Humans have never completed at large scale engineering task without at least one mistake

This line does not seem sufficiently well-defined.

Both "launch a satellite" and "launch the specific satellite" are large scale engineering tasks (or were, in the previous century); the first one had some mistakes, and in most cases the second one had no mistakes.

Transferring the argument to AI: the mistake may happen and be fixed while the task is not "create aligned AGI" but some prerequisite one, so it doesn't ensure that the final AGI is unaligned.

OK I take your point. In your opinion would this be an improvement "Humans have never completed at large scale engineering task without at least one mistake on the first attempt"?

For the argument with AI, will the process that is used to make current AI scale to AGI level? From what I understand that is not the case. Is that predicted to change?

Thank you for giving feedback. 

This is in fact Eliezer's view. An aligned AGI is a very small target to hit in the space of possible minds. If we get it wrong, all die. So we only get one go at it. At present we do not even know how to do it at all, never mind get it right on the first try.

Yea, I have to say many of my opinions on AI are from Eliezer. I have read much of his work and compared it to the other expects I have read about and talked with, and I have to say, he seems to understand the problem very well.

I agree, aligned AGI seems like a very small island in the sea of possibly. If we have multiple tries at getting it right (for example with AGI in a perfectly secure simulation), I think we have a chance. But with only effectively one try, the probability of success seems astronomically low.

[-]Ilio9mo20

It’s a [precautionary principle]/(https://en.m.wikipedia.org/wiki/Precautionary_principle#Criticisms), so the main flaw is: it fails to balance risks with benefits.

For example from wikipedia, forbidding nuclear power plants based on concerns about low-probability high-impact risks means continuing to rely on power plants that burn fossil fuels. In the same vein, future AGIs would most likely help with many existential risks like detecting rogue asteroids and improving the economy enough that we don’t let a few million human children die from starvation each year.

Okay, how much risk is worth the benefit? Would you advocate for a comparison of expected gains and expected losses?

[-]Ilio9mo10

You mean: how to balance a low-probability x-risk with a high-probability of saving a large number/small fraction of human children? Good point it’s hard, but we don’t actually need this orange-apple comparison: the point is that AGI may well decrease overall x-risks.

(I mentioned starving children because some count large impacts as x-risk, but on second thought it was probably a mistake)

Which x-risks do you think AI will reduce? I have heard arguments that it would improve our ability to respond to potential asteroid impacts. However this reduction in x-risk seems very small in comparison to the x-risk that unaligned AGI poses.
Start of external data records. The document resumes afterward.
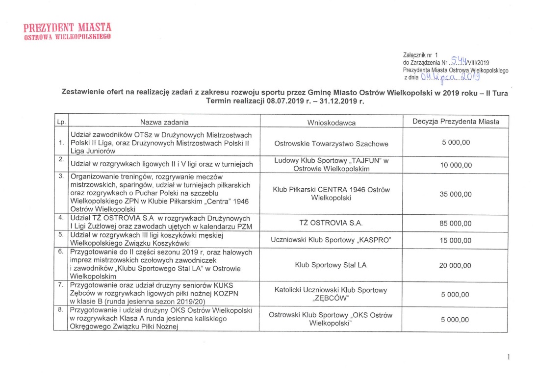 Poznaliśmy wyniki konkursu ofert na realizację zadań z zakresu rozwoju sportu przez Gminę Miasto Ostrów Wielkopolski w II turze na rok 2019. Najwyższą dotację w kwocie 125 tysięcy otrzymał klub BM Slam Stal S.A. Ostrów Wielkopolski.
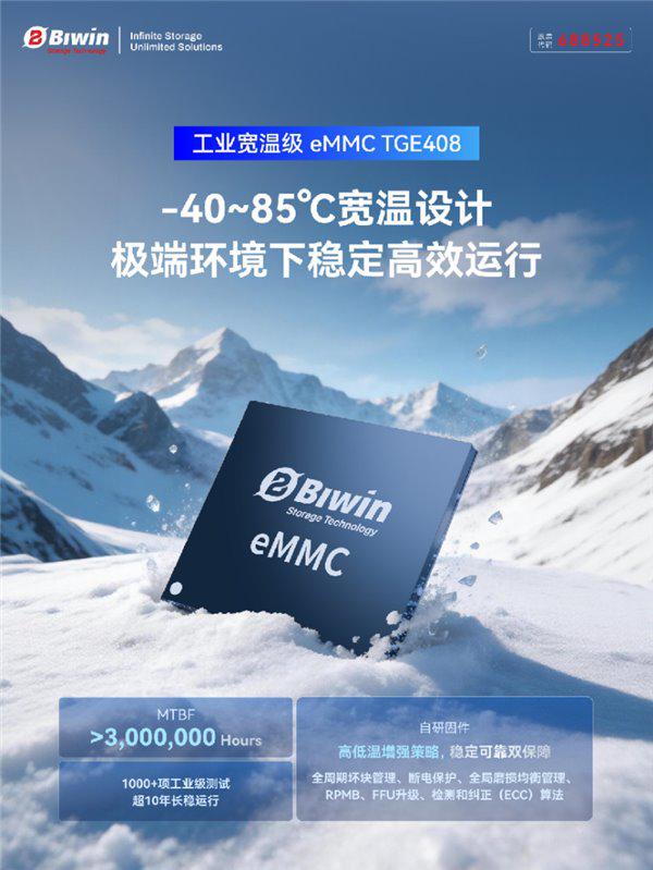 佰维存储(688525)TGE408eMMC采用自主研发的主控芯片、内置自研固件算法与本土NAND Flash颗粒,从芯片设计到流片制造实现全流程本土化,采用FBGA153Ball封装设计,遵循eMMC5.1协议并支持HS400高速模式,可在-40℃~85℃宽温域内稳定工作,搭配独家Win-pSLC超稳耐久架构,兼顾卓越性能、超高可靠性与超长耐久度,为电力能源(850101)、工业自动化等对稳定性要求严苛的领域,提供安全高效的数据存储解决方案。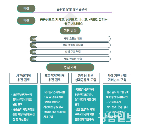 또 도시철도-시내버스 간 연계 네트워크 구축, 도시철도 개통 후 적정 버스 대수 산정, 마을버스·광역버스 등 기능체계 재정립, 광주형 요금 조정 정례제 도입, 버스전용차선 운영 개선 등 발전 방안도 제시됐다.

What makes you estimate that AI may reduce x-risk?

[-]Ilio9mo10

Which x-risks do you think AI will reduce?

First, the most important ones: those we don’t know about yet, but have a better chance to fight using either increased wisdom (from living hundreds of years or more), practically unlimited skilled labor, guaranteed reproductible decisions, or any combination of that plus all the fruits from the scientific revolutions that will follow.

Second, the usual boring ones: runaway global warming, pathogens with kuru-like properties, collapse of governance shifting threats from endurable to existential, etc.
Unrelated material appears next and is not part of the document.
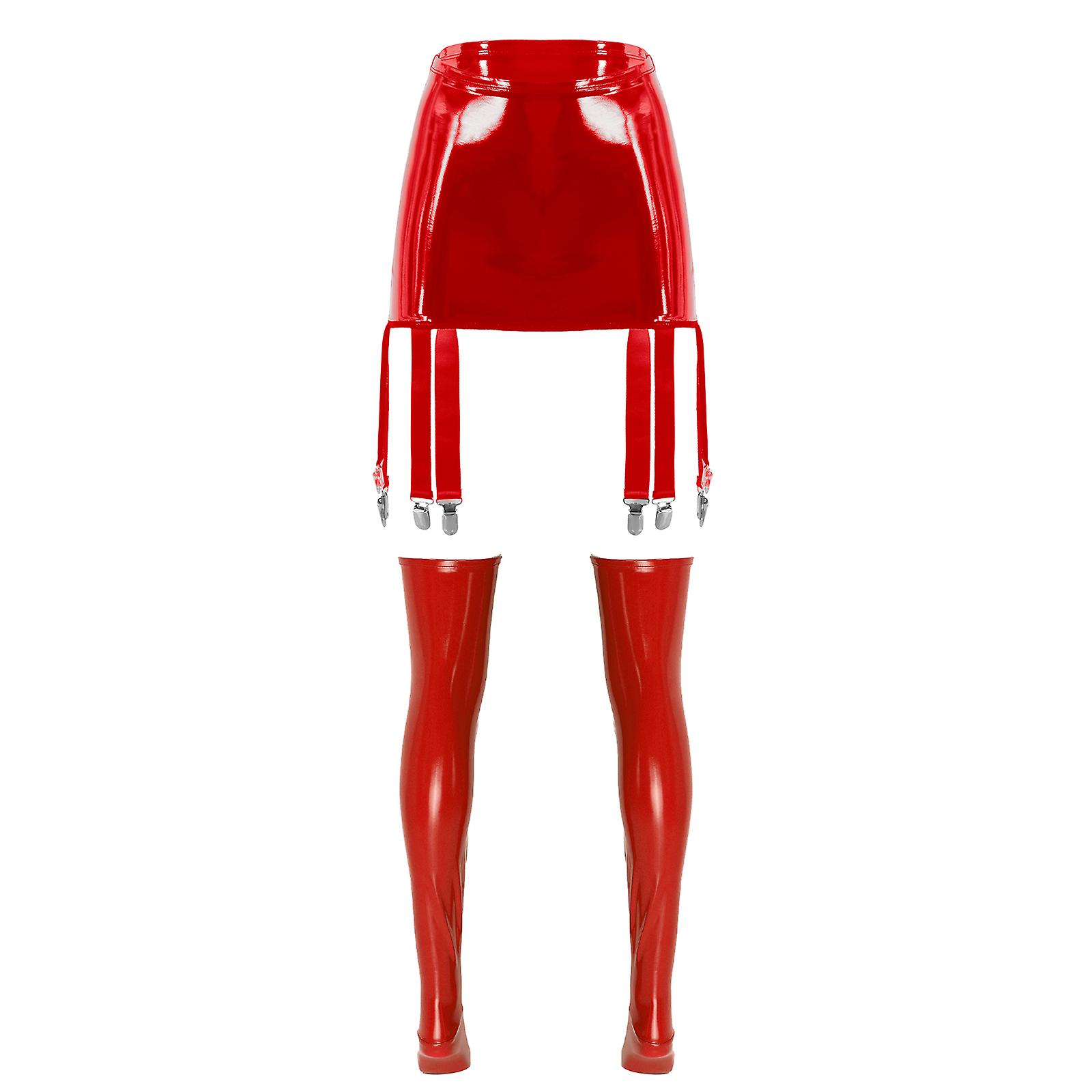 Womens Cosplay Clubwear Patent Leather Flared Skirt Glossy Invisible Zipper A-Line Mini Skirts with Thigh High Stockings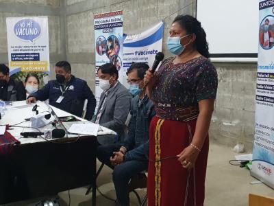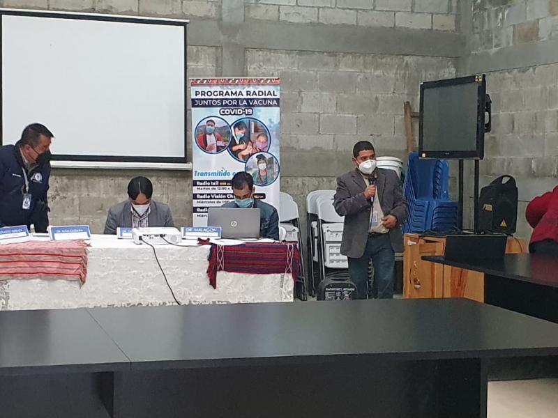 “Tenemos en nuestros servicios de salud suficientes pruebas rápidas de diagnóstico por hisopado, y también suficientes kits de tratamiento para los casos positivos y para los miembros de sus familias mayores de 12 años. Gracias por ayudarnos a hacerlo saber a nuestras comunidades”, comentó el Director ejecutivo de la Dirección del Área de Salud Ixil Iván Guzmán Escobar, durante la actividad a la que fueron convocados los medios de comunicación locales.

Third, the long term mandatory need of conquering the stars, which sounds much easier using robots followed by photons for uploading our minds.
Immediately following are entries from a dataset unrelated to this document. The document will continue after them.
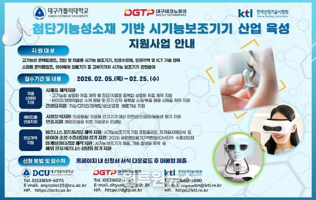 (원투원뉴스) 대구광역시는 산업통상부, 경상북도와 함께 ‘2026년 첨단 기능성 소재 기반 시(視)기능 보조기기 육성사업’을 본격 추진하고, 참여기업을 모집한다.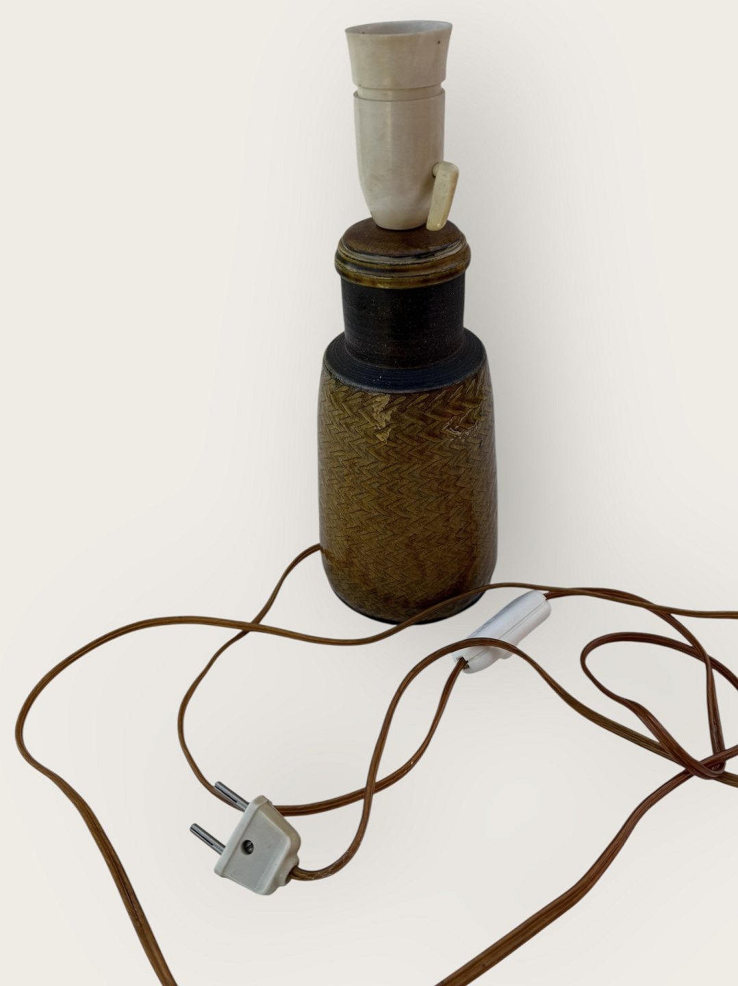 Kähler keramik, Glaseret bordlampe gul/grøn, 27,5cm høj (incl. fatning), Signeret HAK Nils *Pæn stand*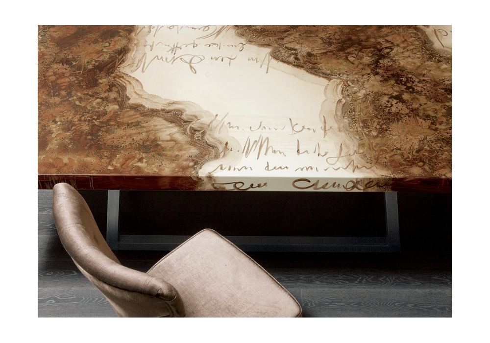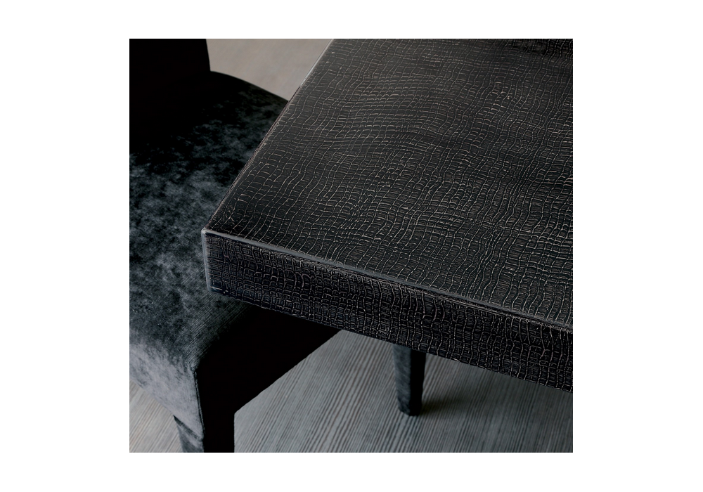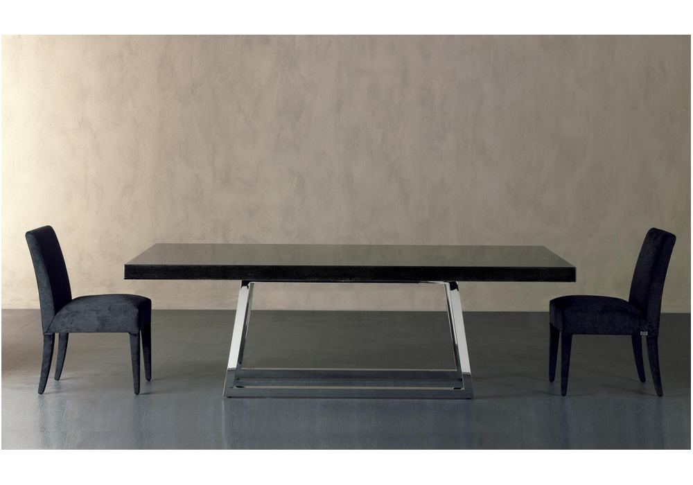 Decoro von Rugiano entworfen, ist ein Tisch mit Platte, der in verschiedenen Größen und Materialien mit verschiedenen Oberflächen erhältlich ist und sich durch Details aus bronziertem Messing oder Chrom auszeichnet.

Finally, and iff such concepts are actually valid (I’m not sure), reproducible AGI will help us becoming AGI+, which might be necessary to align ourselves as AGI++, and so on.

What makes you estimate that AI may reduce x-risk?

I don’t get the logic here. Once you agree there’s at least one x-risk AGI may reduce, isn’t that enough to answer both the OP and your last question? Maybe you meant: « What makes you estimate that AI may reduce x-risk more than EY’s estimate of how much it’d increase it? ». In which case I don’t, but that’s just a property of EY’s estimate being maximally high.